Il s’agit de la dernière d’une série de manifestations nationales contre Trump, et celle-ci avait un caractère différent. Lorsque j’ai rejoint la manifestation à New York, de nombreux syndicats étaient présents : le Transportation Workers Union qui gère les métros de la ville, deux syndicats du commerce (le Retail, Wholesale, Department Store Union et le United Food and Commercial Workers Union), les travailleurEs des communications (Communication Workers), un syndicat universitaire (le Professional Staff Council of the City University), et d’autres encore. La présence des syndicats signifiait qu’il y avait plus de NoirEs et de Latinos dans cette manifestation que dans les précédentes. La manifestation a donc pris une tournure ­différente, celle de la classe ouvrière.

Haymarket Square 

Les syndicats défilant le 1er Mai sont rares aux États-Unis et, dans la plupart des cas, relativement nouveaux. En 1882, les syndicats new-yorkais qui luttaient pour la journée de 8 heures ont organisé une manifestation pour la fête du travail en septembre. Ensuite, la fédération nationale des syndicats a appelé à des grèves en mai pour obtenir la journée de huit heures. Le 1er mai 1886, les anarchistes allemands de Chicago organisent des grèves prolongées et des manifestations en faveur de la journée de 8 heures, mais le 3 mai, la police attaque un rassemblement ; il y a deux morts et des blessés. Le lendemain, un nouveau rassemblement de protestation a lieu à Haymarket Square, mais il est également attaqué par la police tandis qu’une bombe éclate. Huit « radicaux » ont été arrêtés, jugés et condamnés pour l’attentat à la bombe, et quatre d’entre eux ont été pendus. Pour honorer les martyrs de Chicago, la Conférence socialiste internationale de 1889 a adopté le 1er Mai comme fête internationale des travailleurEs.

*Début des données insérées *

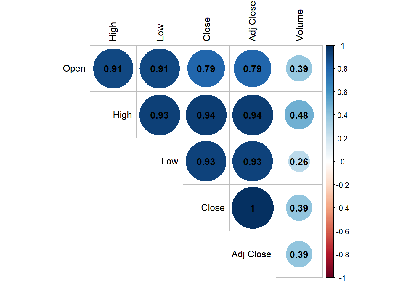 corrplot(cor(dataTemp %>% select(2:7)),method = "circle", type="upper", diag=FALSE,addCoef.col="black",tl.col="black")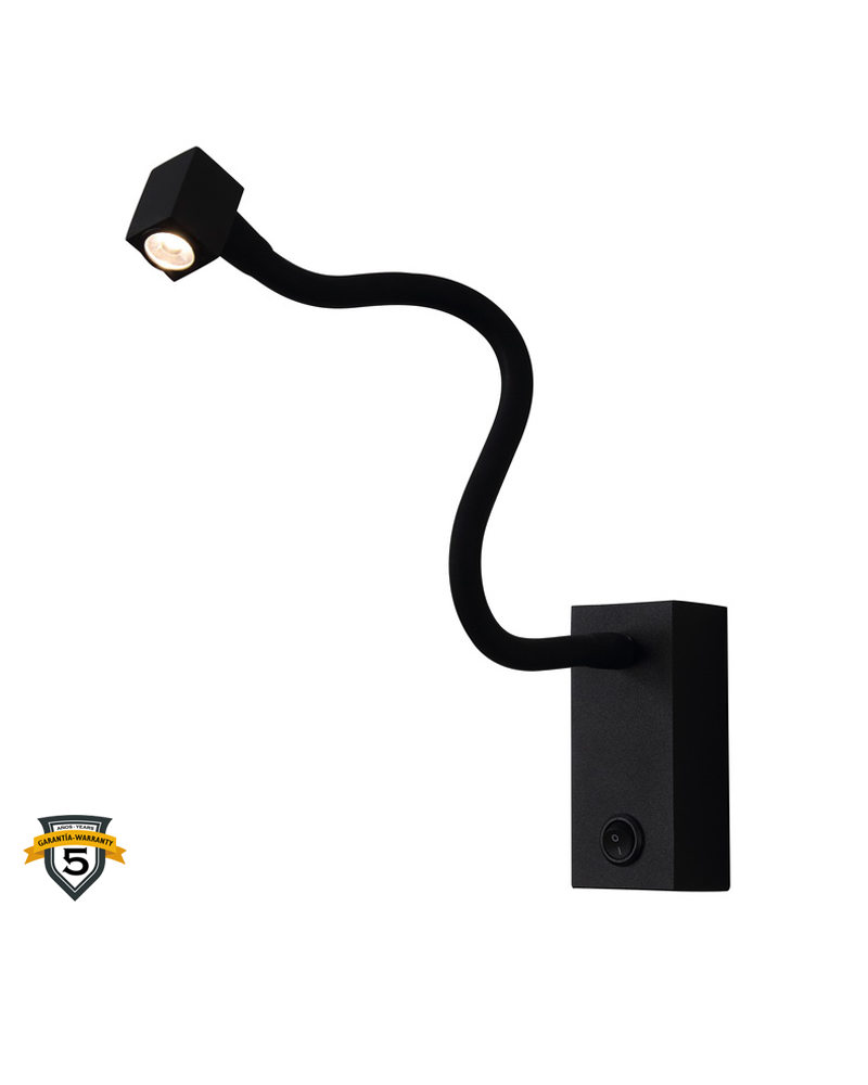 Aplique de pared LED 3W temperatura de luz cálida 3000K. Fabricado de aluminio y acrílico disponible en acabado en blanco o negro, foco forma cuadrada. Con interruptor de On/Off para facilitar el encendido y apagado.

Le 1er Mai et le 1er Septembre, jour férié depuis 1894

Les travailleurEs américainEs avaient alors le choix entre la fête du travail de septembre, qui devint un jour férié en 1894, et le 1er Mai. Là où les partis socialiste ou communiste étaient présents, des célébrations du 1er Mai avaient lieu, mais dans la plupart des endroits, c’est le jour férié de septembre qui a prévalu. Après la Seconde Guerre mondiale, la guerre froide a éclaté, accompagnée d’une croisade anticommuniste et des persécutions des communistes par le sénateur Joseph McCarthy, et les célébrations du 1er Mai ont diminué. Le président Eisenhower a proclamé le 1er mai Journée du droit. À la même époque, l’Union soviétique fait de ce jour férié une démonstration de sa puissance militaire avec des défilés de chars et de missiles sur la place Rouge à Moscou.

Dans les années 1960 et 1970, ce sont les immigrantEs latinos, les PortoricainEs de New York et les MexicainEs de San Francisco et de Los Angeles, qui ont commencé à réintroduire les rassemblements de travailleurEs et les marches du 1er Mai dans leurs communautés. En 2006, dans le cadre de la lutte pour la réforme de l’immigration, des centaines de milliers de Latinos ont manifesté à Los Angeles et à Chicago le jour du 1er Mai, donnant à l’événement le caractère d’une grève générale. Pourtant, le jour férié n’a pas été adopté par le reste de la population.

Cette année, les manifestations contre Trump, contre son autoritarisme et son programme réactionnaire ont peut-être remis cette fête au calendrier national, les travailleurEs américains rejoignant le reste du prolétariat mondial dans les rues le 1er Mai. Nous verrons le 1er Mai prochain.